Einfluss von GLP-1 und GIP auf die Genexpression des diabetesspezifischen Autoantigens IA-2

Fragestellung: Die Tyrosinphosphatase IA-2 ist ein wichtiges Autoantigen beim Typ 1 Diabetes. Die Regulation von IA-2 in Inselzellen wird bisher nur teilweise verstanden. Ziel der vorliegenden Studie war es, den Einfluss der Inkretinhomone Glukagon-like Peptide 1 (GLP-1) und Gastric-Inhibitory-Polypeptide (GIP) auf die Genexpression von IA-2 zu analysieren.

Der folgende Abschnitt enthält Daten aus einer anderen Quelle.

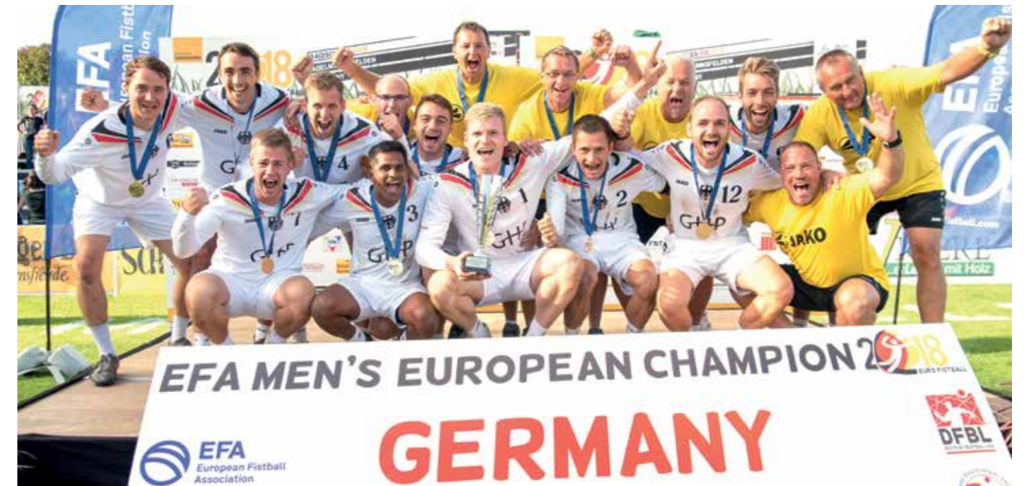
Sie feiern den Titelgewinn: Die Männer der deutschen Nationalmannschaft.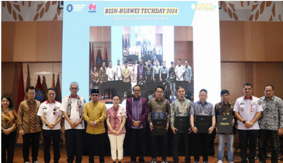
Rektor(kelima dari kiri) bersama Director-Government Affairs, PT. Huawei Tech Investment(keenam dari kiri) melakukan foto bersama pada acara Bedah Buku Komunikasi Siber yang di Gelar Bersama BSSN dan Huawei yang dilaksanakan di Gedung Prof Masjaya Universitas Mulawarman pada Selasa (19/03/2024).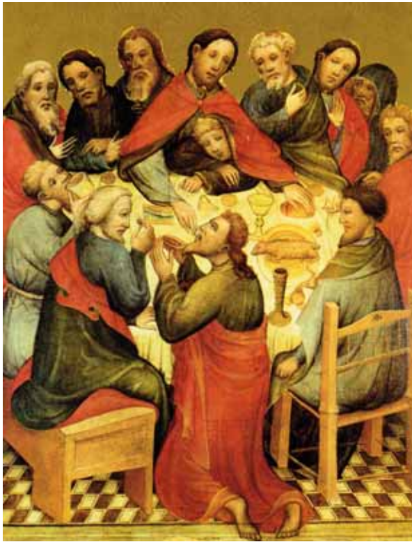
Abendmahl, Tafelmalerei um 1418 Hannover, Niedersächsische Land- esgalerie © ars liturgica Buch- & Kunstver- tag, Maria Laach (Nr. 405943)

Neue Bund in meinem Blut“, bei Lukas erweitert durch: „das für euch vergossen wird“. Der Neue Bund – ein Wort, das ebenfalls allen bekannt und vertraut war. Hatte doch schon Jeremia gesagt: „Seht, es werden Tage kommen – Spruch des Herrn –, in denen ich mit dem Haus Israel und dem Haus Juda einen neuen Bund schließen werde ...“ (Jer 31,31).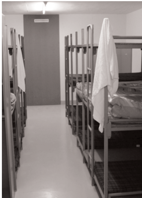
Unterirdisch, ohne Tageslicht und frische Luft: Unterkunft für Flüchtlinge an der Effingerstrasse in Bern

Für augenau ist klar, dass das kurzfristige Spardenken in der Asylpolitik und die miserablen Zustände bei der Unterbringung der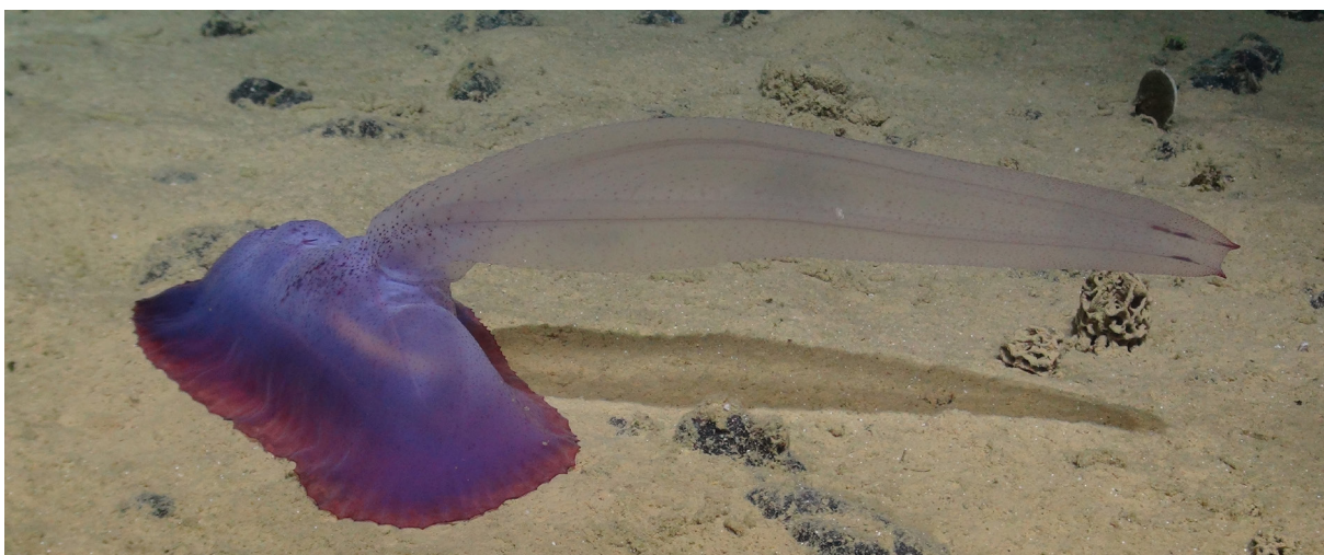
Este pepino de mar es relativamente nuevo para la ciencia y se encuentra en la zona Clarion-Clipperton, situada en el noreste del océano Pacífico. También conocida coloquialmente como “ardilla de goma”, es solo una de las innumerables especies que podrían beneficiarse de una moratoria de la minería del fondo marino en la región y más allá.

Algunas de las preocupaciones más importantes sobre la minería del fondo marino se refieren a cuatro ámbitos: ciencia, gobernanza, equidad y economía.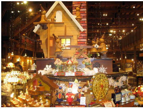
Bảo tàng hộp âm nhạc Otaru với hơn 3000 hộp âm nhạc đủ kích cỡ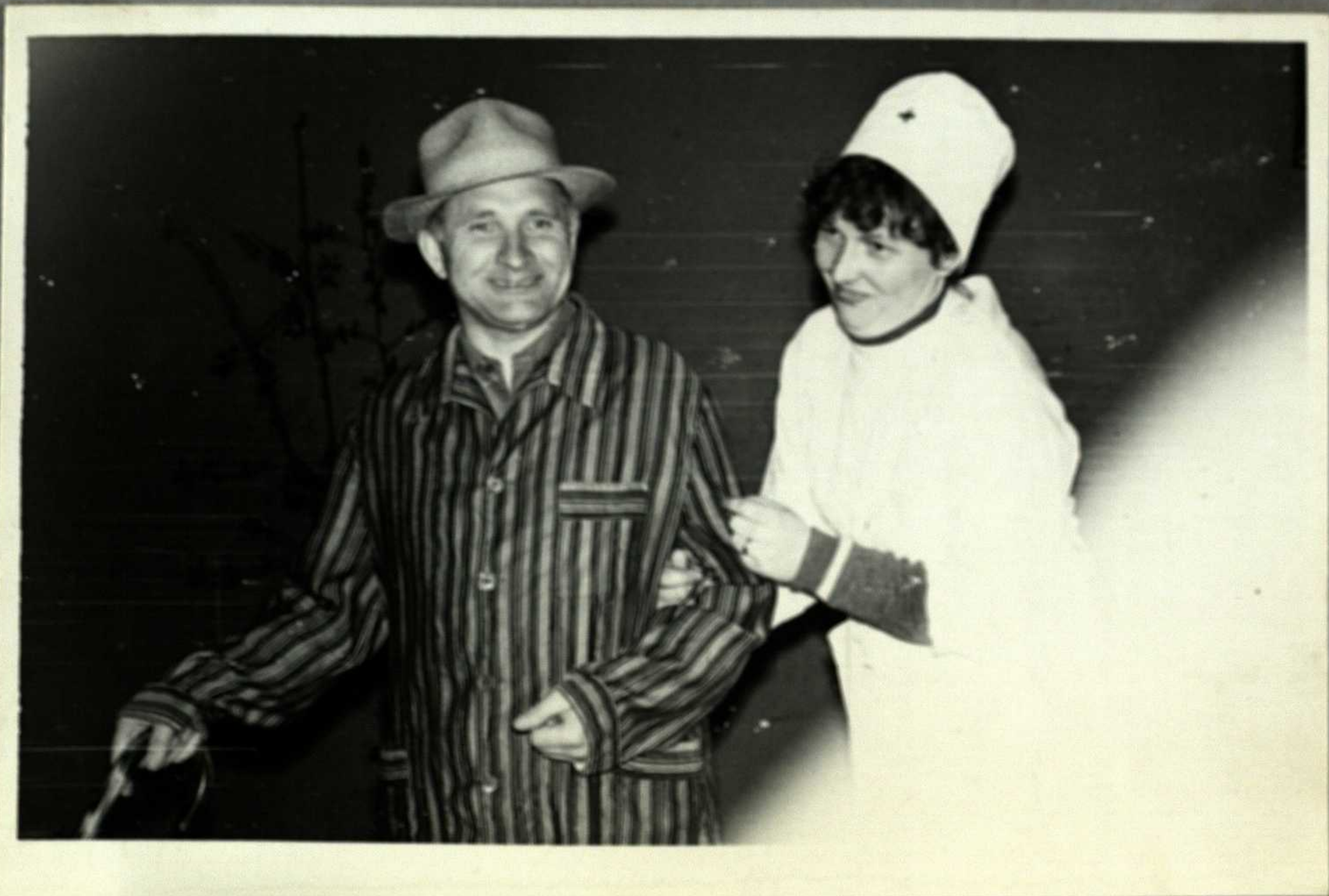
O štai ir ji pati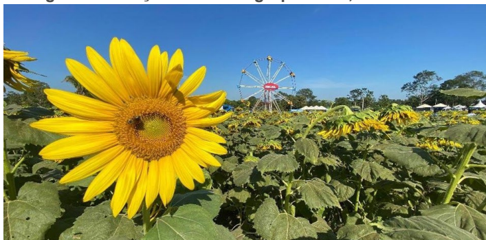
Figura 4 - Atração da Feira Agropecuária, os Girassóis.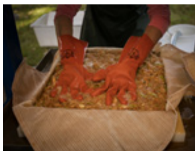
Must var det här!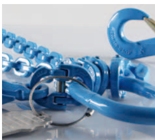
Segmento F Medios de elevación y cadenas de trincaje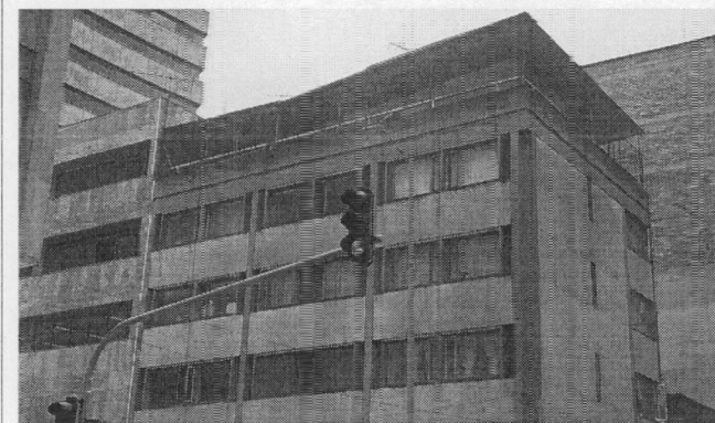
Fotografía 3 – Vista pisos cinco (5) parte de construcción retrocedida y cubierta en terraza en teje de Zinc, estructura metálica y baranda (Fecha de toma de imagen - 31 de mayo de 2019).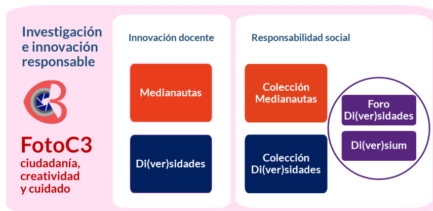
Figura 2. Mapa conceptual de FotoC3

Bajo este enfoque renovado y en dicho contexto se está desarrollando la experiencia de investigación e innovación responsable FotoC3: ciudadanía, creatividad y cuidado (Figura 2), una iniciativa que promueve la coeducación en el contexto de la enseñanza superior mediante el uso sistemático de la fotografía colaborativa, la innovación docente, la indagación autoetnográfica, la creación cultural y la educación patrimonial. FotoC3 se articula en torno a dos acciones — Medianautas y Di(ver)sidades — cuyo resultado son dos colecciones universitarias de etnofotografía de carácter institucional, de acceso público y de gestión colaborativa: la Colección Medianautas y la Colección Di(ver)sidades . Esta acción emerge a partir de una doble reflexión que facilita el proceso de creación fotográfica desarrollado en las dos acciones que lo conforman, FotoC3 (Figura 3) afronta el reto de promover la coeducación abordando el debate contemporáneo sobre la identidad de género y la diversidad afectivo-sexual, para así fomentar un proceso intencionado y consciente de intervención coeducativa en favor del desarrollo integral de las personas independientemente del género al que pertenezcan y que, por tanto, evita coartar capacidades en base al asignado.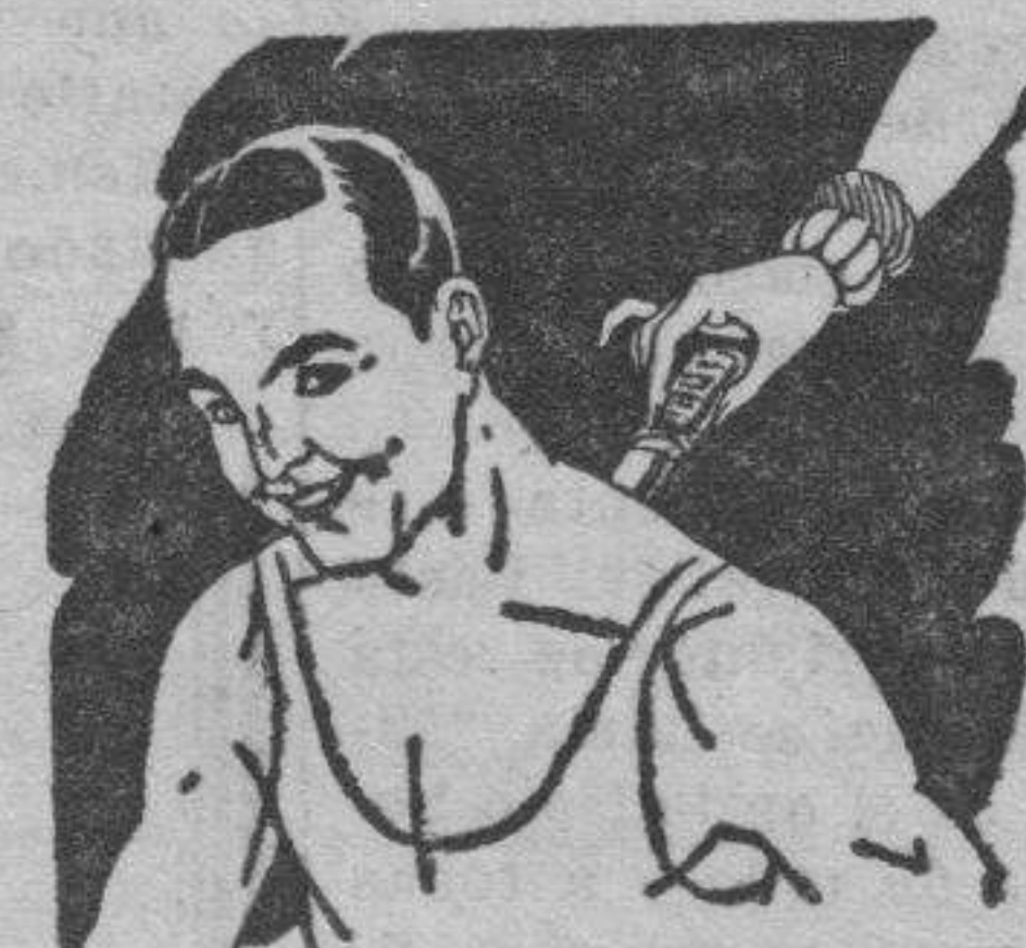
Rigidez del cuello Torticollis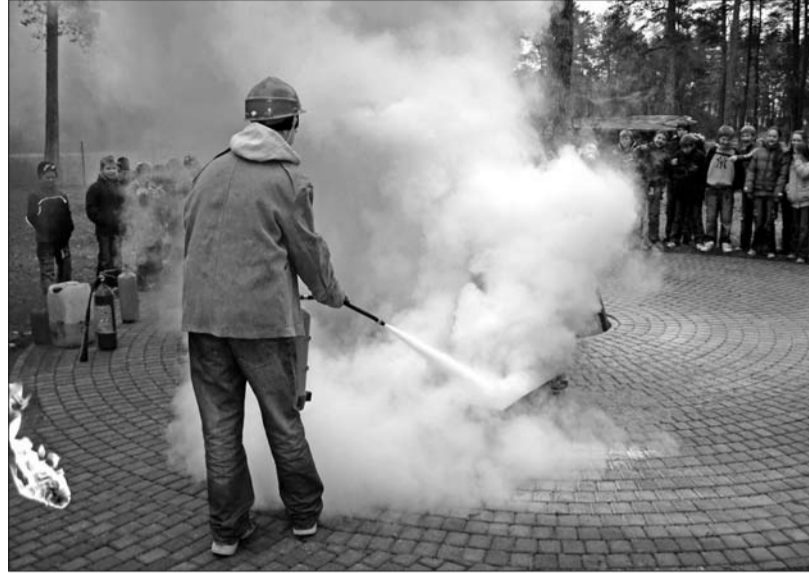
Pietiek tikai ar vienu kafijas tasīti degvielas, lai rastos milzīga uguns liesma.

Methodik: Die IA-2 und Insulin mRNA Expression wurde mit einer Real-Time RT-PCR (Lightcycler) quantifiziert. Ratten Insulinomazellen INS-1 Zellen wurden für 6–48 Std. mit GLP-1 (0,1–100 nM) oder GIP (0,1–1000 nM) stimuliert. Die Behandlung mit Glukose und Forskolin diente als Positivkontrolle. Zur Abklärung der Signalvermittlung erfolgte in einigen Experimenten die Koinkubation mit Inhibitoren von ERK 1/2 und MAPK (PD98059, 50µM; SB203580, 10µM).

Ergebnisse: Sowohl GLP-1 und GIP führten zu einer zeit- und konzentrationsabhängigen Stimulation der IA-2 und Insulin mRNA Kopienzahl. Nach Gabe von GLP (10 nM) wurde eine signifikante Hochregulation von IA-2 (164±8,4%) und Insulin (182±6,7%) beobachtet (p<0,01). GIP erhöhte die IA-2 Genexpression bereits nach einer sehr kurzen Inkubationszeit von nur 6 Std.. Eine maximale Stimulation von IA-2 (291±7,6%) und Insulin (282±10,9%) trat bei einer Konzentration von 100 nM nach 24 Std. auf (p<0,01). Durch Koinkubation mit PD98059 oder SB203580 konnte die GLP-1 (10 nM) und die GIP (100 nM) vermittelte Steigerung der IA-2 Genexpression komplett inhibiert werden.

Schlussfolgerung: Die vorliegende Studie zeigt erstmals, dass die Inkretinhormone GLP-1 und GIP die Genexpression von IA-2 steuern. Diese Daten liefern einen weiteren Beweis, dass in Inselzellen die Regulation der IA-2 Expression sehr stark an die stimulus-abhängige Sekretion von Insulin gekopplet ist.